> _What the task requires_
The lines to transcribe begin with the one containing "Список полуфабрикатов для" and end with the last line below; reproduce them exactly, without the pictures.

----------

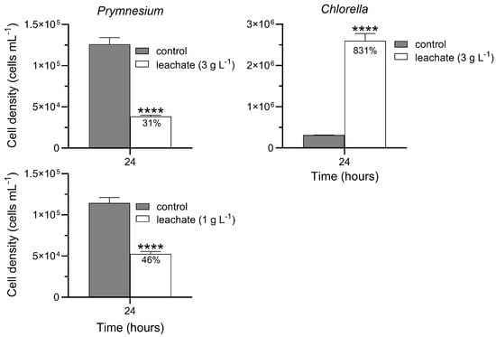 The range-finding test with direct immersion of dried chips into culture media showed that P. parvum growth is inhibited in a concentration-dependent manner, with an estimated 24 h IC50 of 3.1 g L−1 (±0.8). Leachate at 3 g L−1 showed algicidal activity (negative growth) against P. parvum; namely, cell density at 24 h was lower (38,333 cells mL−1) than the initial density (50,000 cells mL−1) and significantly lower than control values at 24 h (31 percent of control; t-test, p < 0.0001) (Figure 2). At 1 g L−1, leachate showed algistatic activity (growth suppression); namely, cell density at 24 h was similar (52,500 cells mL−1) to the initial density (50,000 cells mL−1) but significantly lower than control values at 24 h (46 percent of control; t-test, p < 0.0001) (Figure 2). In C. sorokiniana, leachate at 3 g L−1 stimulated growth; namely, cell density in the leachate cultures was 831% of the control value at 24 h (t-test, p < 0.0001) (Figure 2).
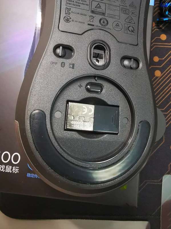筆者還同時擁有華碩靈刃無線鼠標,ROG的接收器收納槽較松,筆者在更換電池的時候,接收器偶爾從鼠標中掉出。而M600既設計了磁吸式收納,又通過內置電池的操作來減去了頻繁更換電池的麻煩,可以說給游戲-辦公人群帶來了很多方便。并且在無線接收器的尾部增加了突出了的部分,插拔接收器變得更加方便了,小細節好評。
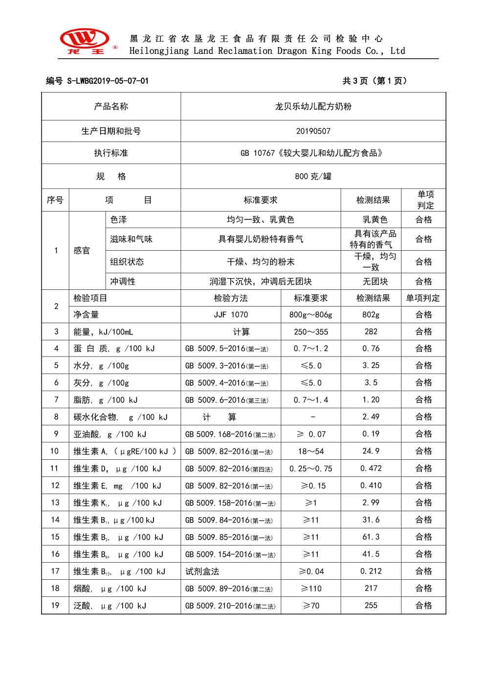 2019年(nián)5月(yuè)份龍貝樂(yuè)幼兒(ér)配方奶粉800克
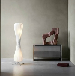 De vloerlamp is gemaakt van PC Nonwoven, een zeer duurzaam en flexibel materiaal dat de witte kleur van de lamp in de loop der tijd behoudt.
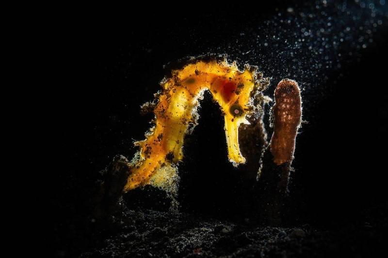 Indonesia - Lembeh Strait: during an afternoon dive I encountered a yellow seahorse attached to a branch of hard coral, I photographed it using only a snoot flash at an angle that gave backlighting creating a snowfall effect
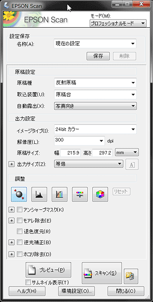 写真原稿向き、300dpi、等倍出力、調整なしでスキャン。
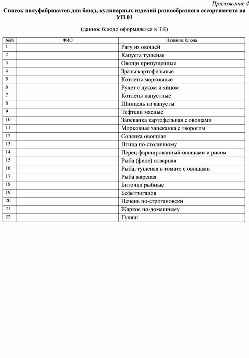 Список полуфабрикатов для блюд, кулинарных изделий разнообразного ассортимента на УП 01
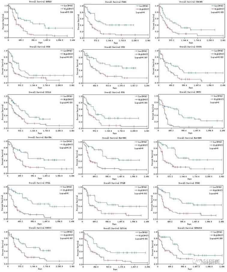 此外,还绘制了18个hub基因的生存曲线,以探讨预后价值(图8)。结果显示,hub基因的高表达水平与不良的总体生存率有关。
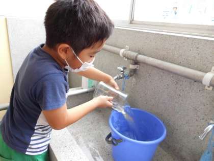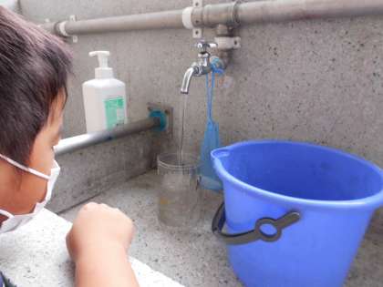 算数でかさの学習をしています。バケツにどれだけの水が入るか調べました。1Lますで水をはかって1ぱい,2はい…といれていくと…10ぱい入りました。「10Lも入ったね」とびっくりしていました。
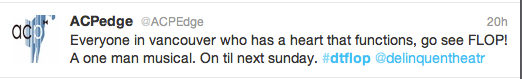 The reviews are in, and FLOP! seems to be anything but. The Georgia Straight‘s Colin Thomas calls it the “future of Vancouver theatre”.

----------

> _Task output_
 Список полуфабрикатов для блюд, кулинарных изделий разнообразного ассортимента на УП 01
 此外,还绘制了18个hub基因的生存曲线,以探讨预后价值(图8)。结果显示,hub基因的高表达水平与不良的总体生存率有关。
 算数でかさの学習をしています。バケツにどれだけの水が入るか調べました。1Lますで水をはかって1ぱい,2はい…といれていくと…10ぱい入りました。「10Lも入ったね」とびっくりしていました。
 The reviews are in, and FLOP! seems to be anything but. The Georgia Straight‘s Colin Thomas calls it the “future of Vancouver theatre”.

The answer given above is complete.